Warning: This paper consists of examples representing regional biases in Indian regions that might be offensive towards a particular region. While social biases corresponding to gender, race, socio-economic conditions, etc., have been extensively studied in the major applications of Natural Language Processing (NLP), biases corresponding to regions have garnered less attention. This is mainly because of (i) difficulty in the extraction of regional bias datasets, (ii) disagreements in annotation due to inherent human biases, and (iii) regional biases being studied in combination with other types of social biases and often being under-represented.
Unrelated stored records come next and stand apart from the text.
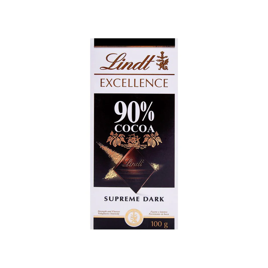 Lindt Excellence 90% Cocoa Supreme Dark 100g is a rich and intense dark chocolate experience featuring high-quality cocoa beans and a smooth, velvety texture, perfect for those who appreciate the finest and most refined dark chocolate.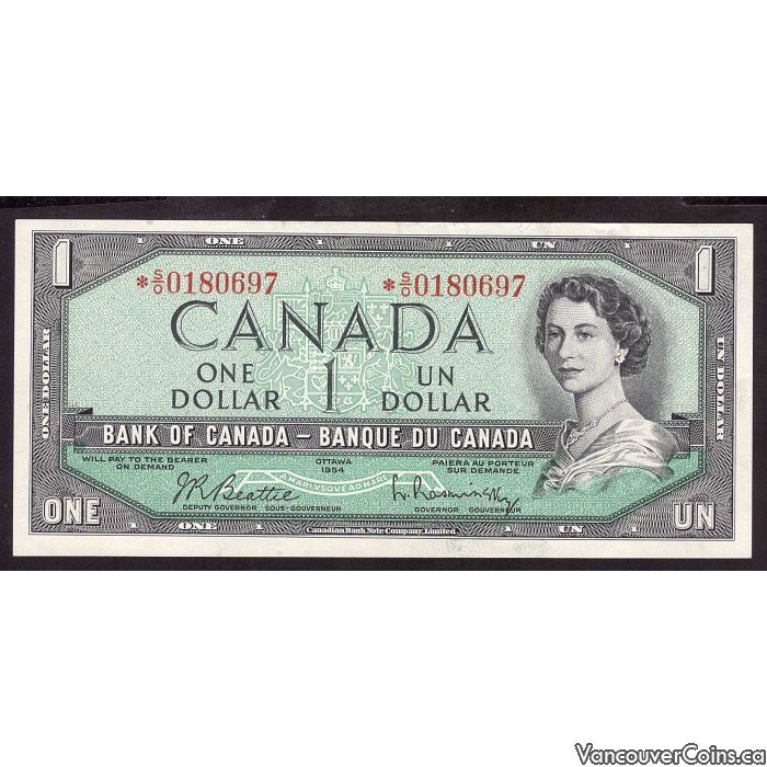 1954 Canada $1 replacement note Beattie Rasminsky *S/O0180697 CH AU/UNC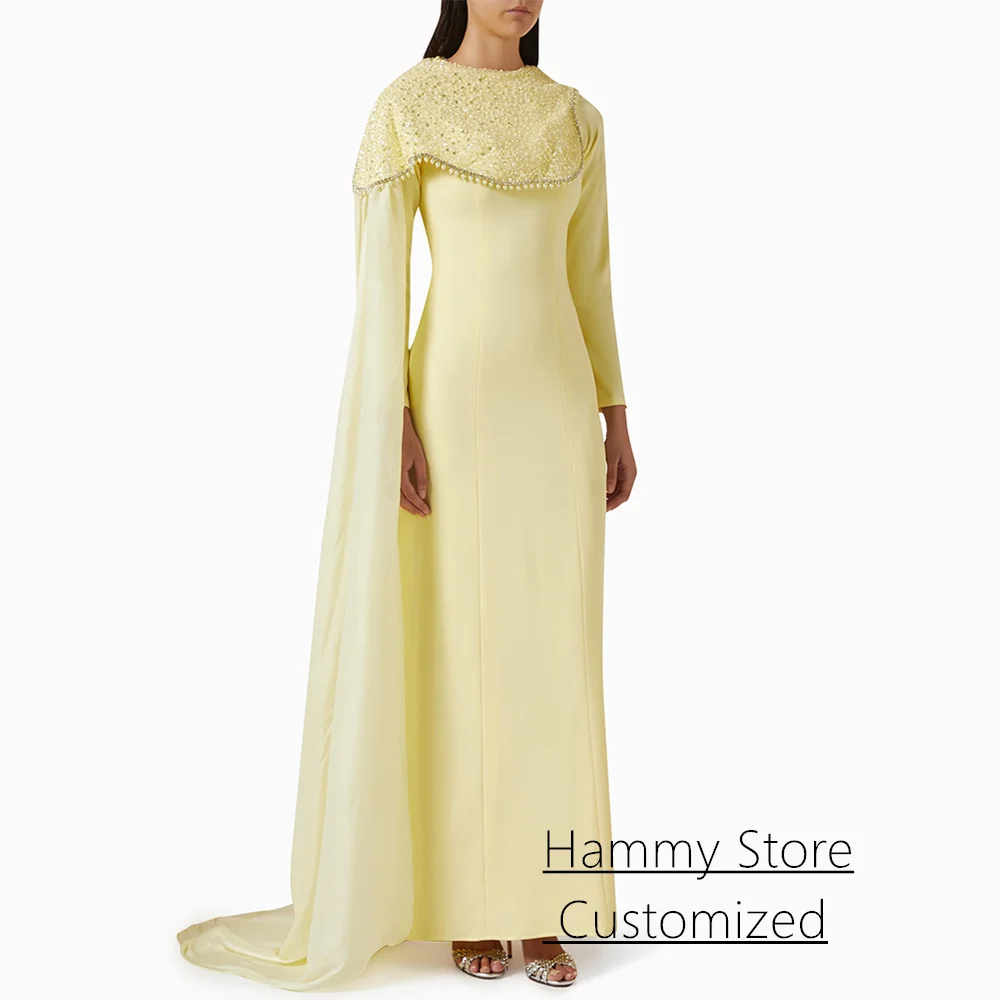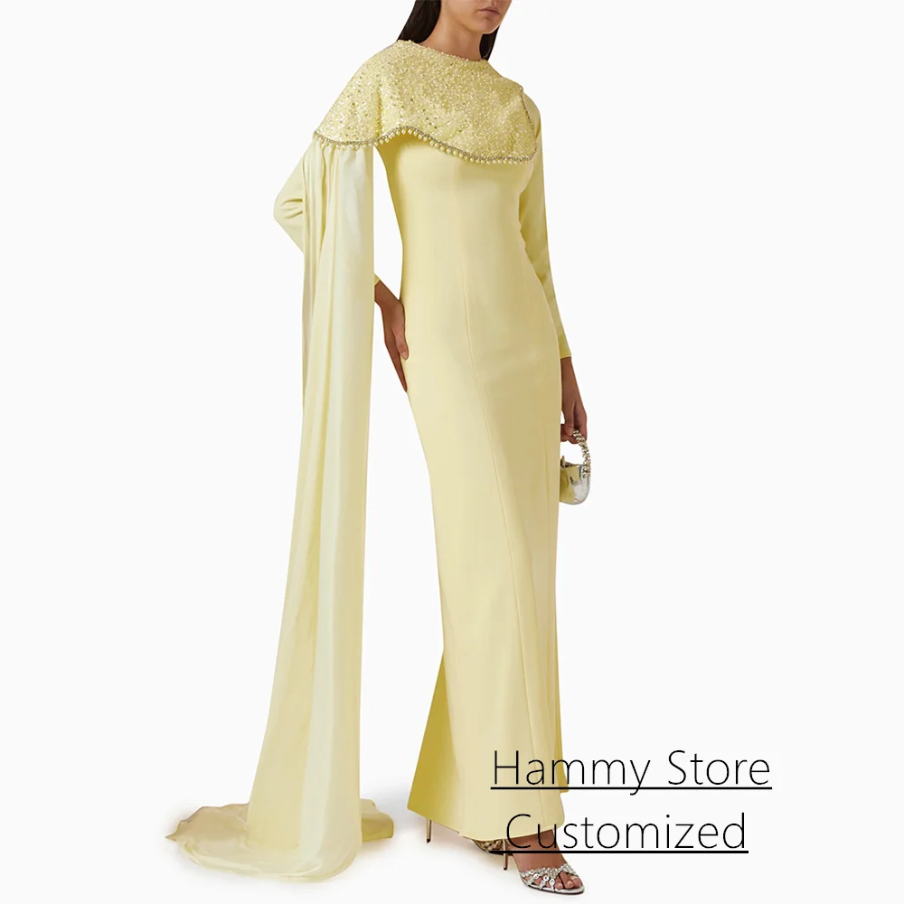 Robe de soirée arabe personnalisée, col rond, manches longues, perles, paillettes, robe de bal arabe, fente au dos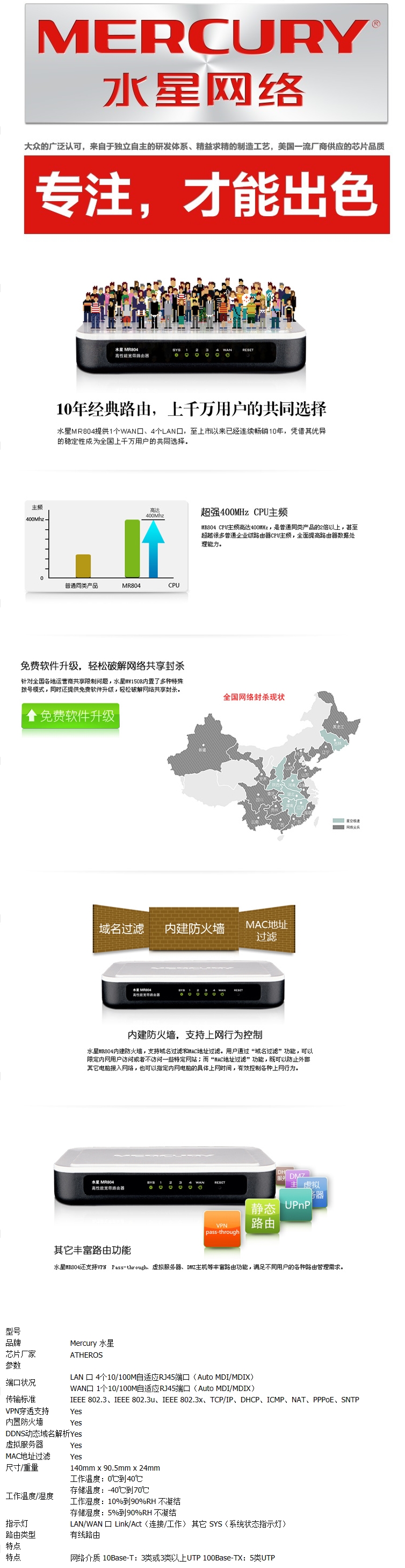 - 商品名稱(chēng):水星寬帶路由器 4孔 MR804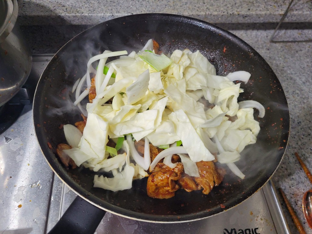 제육볶음은 오래 볶는 음식이 아니라 센 불에 빠르게 볶아 불맛을 살리는 것이 포인트입니다.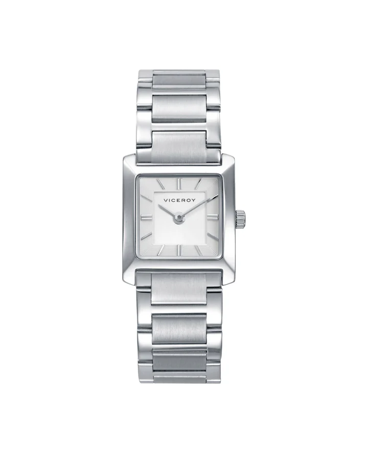 Elegancia depurada en una pieza diseñada para acompañar con estilo cada momento. Este reloj de mujer de Viceroy combina una caja de acero con un brazalete de acero de presencia impecable, rematado por un cristal mineral que protege una esfera plata de estética limpia y luminosa. Sus dos agujas en color plata y los índices sobre el dial refuerzan una lectura clara y sofisticada, mientras el movimiento de cuarzo analógico aporta precisión y fiabilidad al conjunto. Un diseño versátil, refinado y atemporal, pensado para elevar el look con un gesto de distinción sutil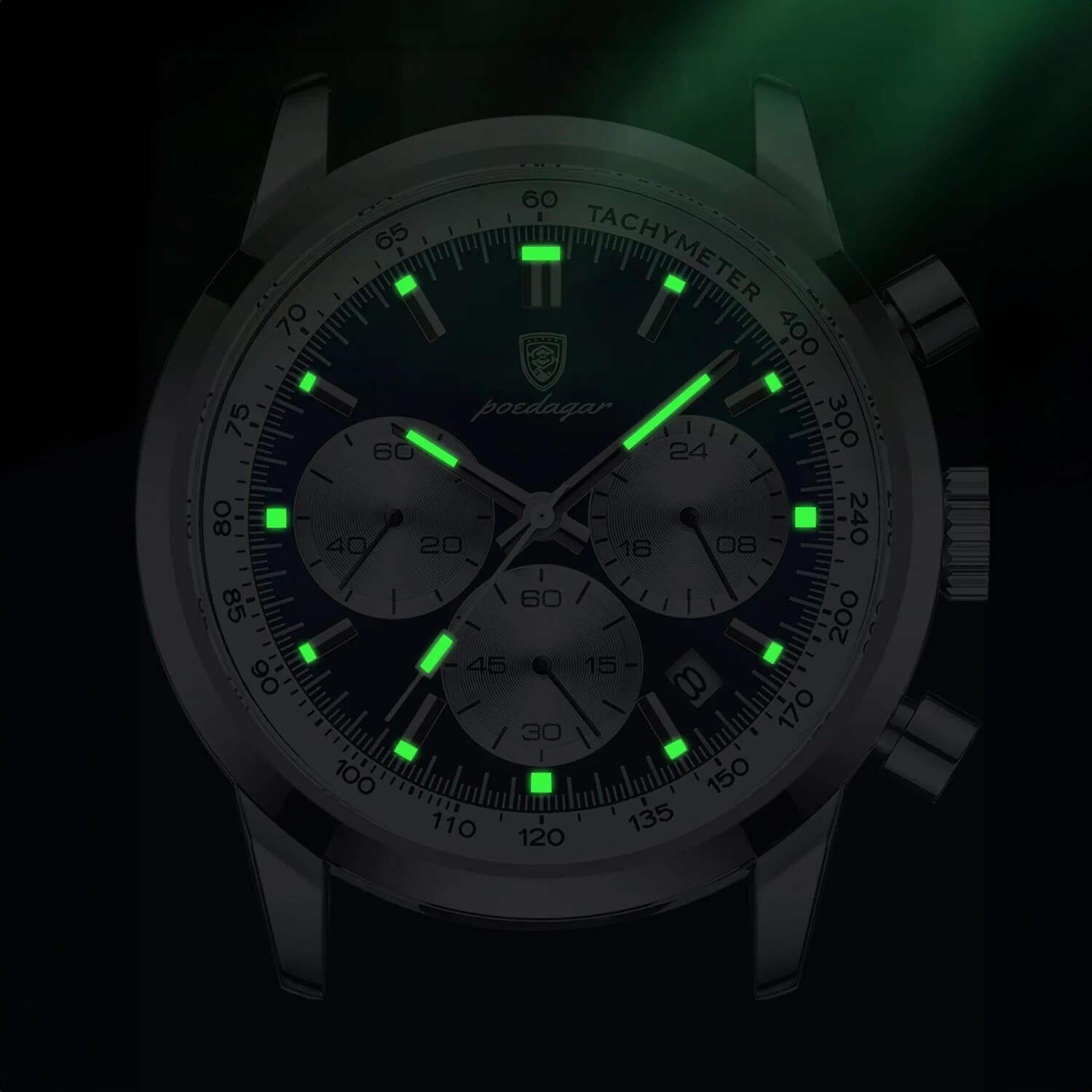 Criado para medir as horas com precisão, o Poedagar 911 possui indicador de segundos e calendário. Além disso, apresenta resistência à água para até 30 metros de profundidade, sendo fabricado em aço inoxidável, conhecido por sua resistência à corrosão e confiabilidade.

This paper focuses on creating a dataset IndRegBias, consisting of regional biases in an Indian context reflected in users' comments on popular social media platforms, namely Reddit and YouTube. We carefully selected 25,000 comments appearing on various threads in Reddit and videos on YouTube discussing trending topics on regional issues in India. Furthermore, we propose a multilevel annotation strategy to annotate the comments describing the severity of regional biased statements. To detect the presence of regional bias and its severity in IndRegBias, we evaluate open-source Large Language Models (LLMs) and Indic Language Models (ILMs) using zero-shot, few-shot, and fine-tuning strategies. We observe that zero-shot and few-shot approaches show lower accuracy in detecting regional biases and severity in the majority of the LLMs and ILMs. However, the fine-tuning approach significantly enhances the performance of the LLM in detecting Indian regional bias along with its severity.